• [TASK REQUIREMENTS]
From the material below, reproduce exactly the stretch of lines that begins with the line holding "Tuần lễ thời" and ends with the line holding "3. 【C7719】韓系氣質收腰針織設計感露肩假兩件長裙連衣裙", skipping the pictures.

• [RECORDS FOR THIS TASK]
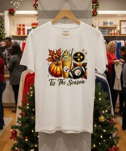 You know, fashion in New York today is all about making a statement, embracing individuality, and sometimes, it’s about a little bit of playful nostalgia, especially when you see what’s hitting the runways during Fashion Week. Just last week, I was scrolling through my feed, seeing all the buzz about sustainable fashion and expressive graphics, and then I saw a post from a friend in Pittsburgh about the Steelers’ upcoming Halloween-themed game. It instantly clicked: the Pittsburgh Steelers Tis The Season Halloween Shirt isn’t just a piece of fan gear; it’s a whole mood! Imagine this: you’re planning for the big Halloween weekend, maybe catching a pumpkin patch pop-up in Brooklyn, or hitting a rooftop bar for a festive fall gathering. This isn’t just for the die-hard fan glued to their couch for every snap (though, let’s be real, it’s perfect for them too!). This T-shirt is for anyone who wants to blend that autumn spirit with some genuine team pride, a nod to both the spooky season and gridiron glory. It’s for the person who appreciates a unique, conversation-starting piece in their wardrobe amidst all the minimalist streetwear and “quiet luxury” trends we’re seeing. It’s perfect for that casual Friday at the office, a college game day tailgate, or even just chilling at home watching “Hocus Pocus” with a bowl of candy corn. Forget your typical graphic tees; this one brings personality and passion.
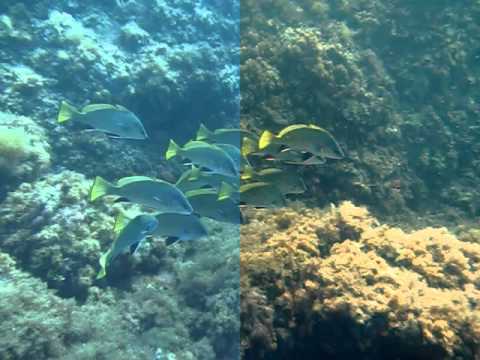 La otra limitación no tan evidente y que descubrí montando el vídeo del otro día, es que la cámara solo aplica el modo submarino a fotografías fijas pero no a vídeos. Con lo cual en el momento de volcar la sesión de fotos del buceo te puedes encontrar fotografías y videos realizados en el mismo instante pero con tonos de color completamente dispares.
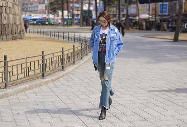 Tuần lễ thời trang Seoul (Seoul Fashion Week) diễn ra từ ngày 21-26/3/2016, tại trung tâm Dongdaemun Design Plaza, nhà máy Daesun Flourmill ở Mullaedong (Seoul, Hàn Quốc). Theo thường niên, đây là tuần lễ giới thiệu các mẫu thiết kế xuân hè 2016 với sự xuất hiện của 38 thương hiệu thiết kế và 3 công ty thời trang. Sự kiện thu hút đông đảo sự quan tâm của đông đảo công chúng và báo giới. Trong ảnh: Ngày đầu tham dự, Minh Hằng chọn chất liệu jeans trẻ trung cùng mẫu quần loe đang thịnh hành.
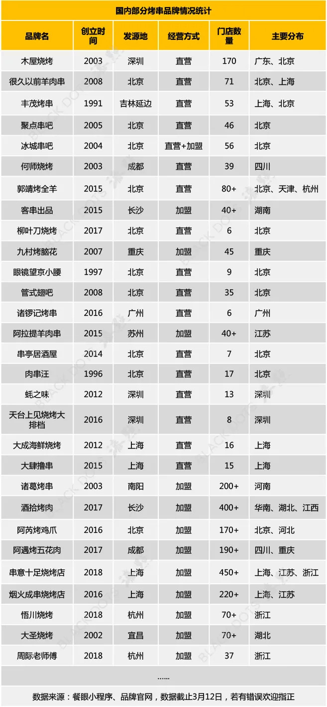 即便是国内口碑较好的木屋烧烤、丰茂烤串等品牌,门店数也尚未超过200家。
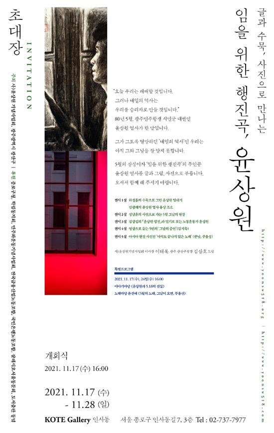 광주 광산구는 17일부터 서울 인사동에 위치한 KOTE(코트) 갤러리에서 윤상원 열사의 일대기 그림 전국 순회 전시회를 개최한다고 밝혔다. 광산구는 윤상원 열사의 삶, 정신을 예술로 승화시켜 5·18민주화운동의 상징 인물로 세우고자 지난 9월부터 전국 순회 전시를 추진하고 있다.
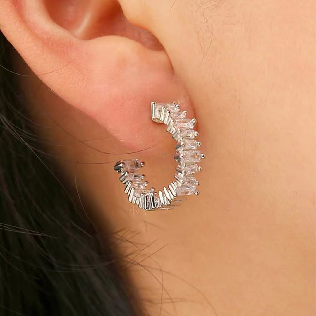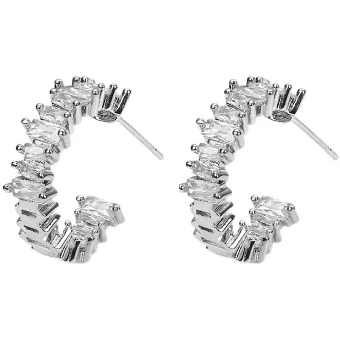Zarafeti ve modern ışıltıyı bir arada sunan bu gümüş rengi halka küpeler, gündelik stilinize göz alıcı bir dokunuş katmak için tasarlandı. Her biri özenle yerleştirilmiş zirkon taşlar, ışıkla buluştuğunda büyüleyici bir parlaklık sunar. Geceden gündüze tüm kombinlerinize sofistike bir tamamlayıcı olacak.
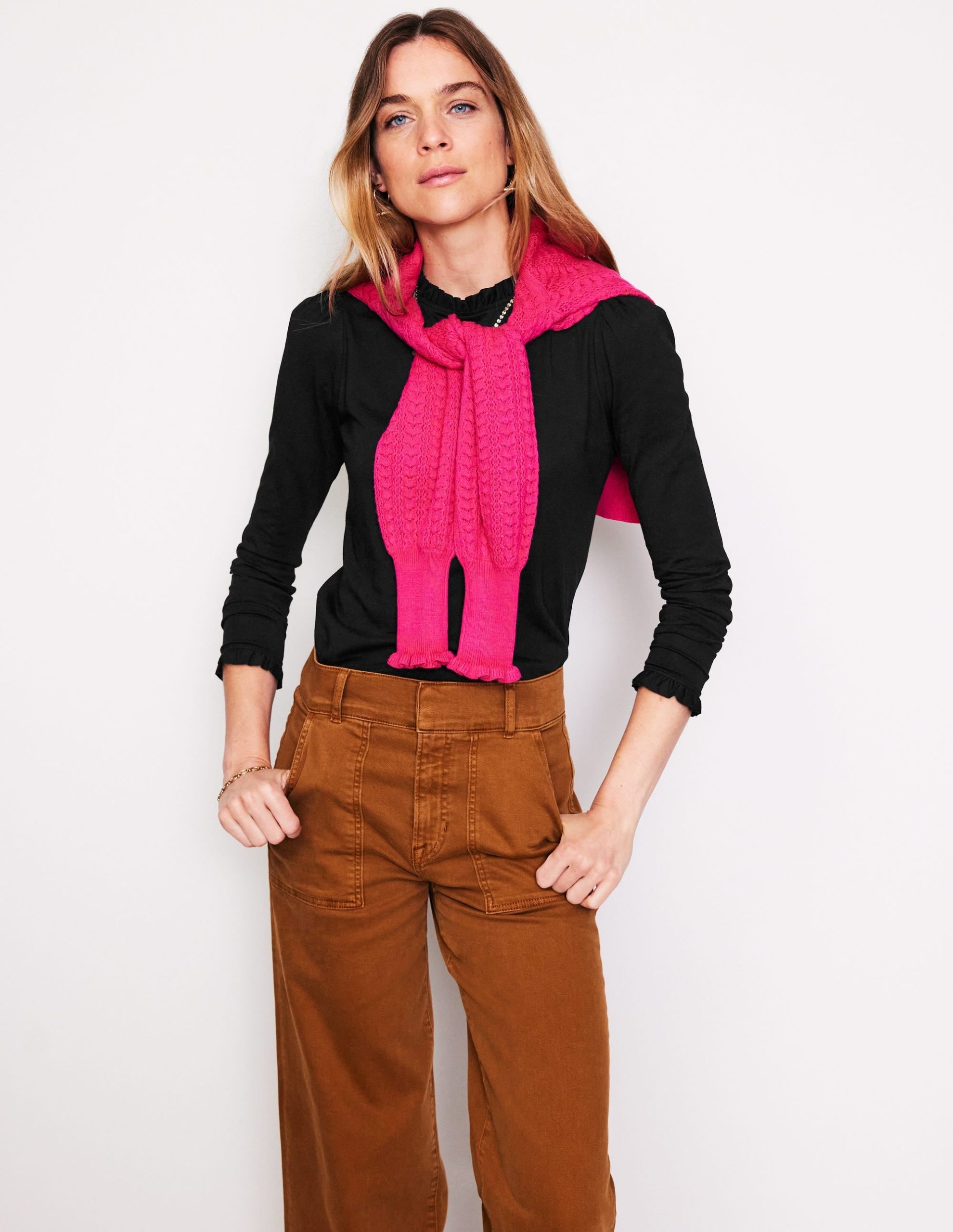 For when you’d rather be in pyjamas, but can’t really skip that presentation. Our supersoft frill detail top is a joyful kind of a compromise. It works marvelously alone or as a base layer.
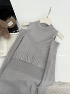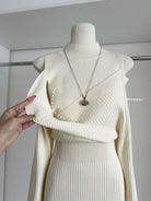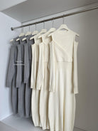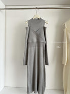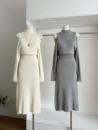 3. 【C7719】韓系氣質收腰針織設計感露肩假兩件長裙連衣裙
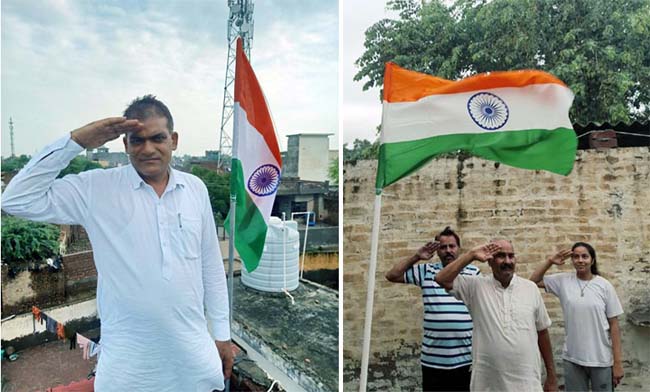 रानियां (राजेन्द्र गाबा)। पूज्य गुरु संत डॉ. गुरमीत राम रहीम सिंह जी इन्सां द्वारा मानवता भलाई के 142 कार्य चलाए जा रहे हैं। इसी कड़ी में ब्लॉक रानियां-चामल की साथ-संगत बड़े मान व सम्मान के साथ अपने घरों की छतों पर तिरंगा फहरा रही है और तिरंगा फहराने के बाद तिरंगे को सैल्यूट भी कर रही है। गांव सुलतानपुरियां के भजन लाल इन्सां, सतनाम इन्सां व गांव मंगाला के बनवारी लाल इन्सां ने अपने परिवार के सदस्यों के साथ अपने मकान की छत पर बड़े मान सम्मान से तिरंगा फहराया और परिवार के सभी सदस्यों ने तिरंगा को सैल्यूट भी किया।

---

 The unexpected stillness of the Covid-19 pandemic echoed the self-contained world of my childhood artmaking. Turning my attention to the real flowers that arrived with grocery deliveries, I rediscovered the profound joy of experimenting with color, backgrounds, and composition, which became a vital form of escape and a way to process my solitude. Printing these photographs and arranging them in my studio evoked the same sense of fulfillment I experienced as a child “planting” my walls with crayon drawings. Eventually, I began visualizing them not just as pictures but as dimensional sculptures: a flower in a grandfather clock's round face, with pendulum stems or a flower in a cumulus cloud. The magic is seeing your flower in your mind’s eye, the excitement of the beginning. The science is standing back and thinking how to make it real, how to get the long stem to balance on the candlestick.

• [THE COMPLETED TASK]
 Tuần lễ thời trang Seoul (Seoul Fashion Week) diễn ra từ ngày 21-26/3/2016, tại trung tâm Dongdaemun Design Plaza, nhà máy Daesun Flourmill ở Mullaedong (Seoul, Hàn Quốc). Theo thường niên, đây là tuần lễ giới thiệu các mẫu thiết kế xuân hè 2016 với sự xuất hiện của 38 thương hiệu thiết kế và 3 công ty thời trang. Sự kiện thu hút đông đảo sự quan tâm của đông đảo công chúng và báo giới. Trong ảnh: Ngày đầu tham dự, Minh Hằng chọn chất liệu jeans trẻ trung cùng mẫu quần loe đang thịnh hành.
 即便是国内口碑较好的木屋烧烤、丰茂烤串等品牌,门店数也尚未超过200家。
 광주 광산구는 17일부터 서울 인사동에 위치한 KOTE(코트) 갤러리에서 윤상원 열사의 일대기 그림 전국 순회 전시회를 개최한다고 밝혔다. 광산구는 윤상원 열사의 삶, 정신을 예술로 승화시켜 5·18민주화운동의 상징 인물로 세우고자 지난 9월부터 전국 순회 전시를 추진하고 있다.
Zarafeti ve modern ışıltıyı bir arada sunan bu gümüş rengi halka küpeler, gündelik stilinize göz alıcı bir dokunuş katmak için tasarlandı. Her biri özenle yerleştirilmiş zirkon taşlar, ışıkla buluştuğunda büyüleyici bir parlaklık sunar. Geceden gündüze tüm kombinlerinize sofistike bir tamamlayıcı olacak.
 For when you’d rather be in pyjamas, but can’t really skip that presentation. Our supersoft frill detail top is a joyful kind of a compromise. It works marvelously alone or as a base layer.
 3. 【C7719】韓系氣質收腰針織設計感露肩假兩件長裙連衣裙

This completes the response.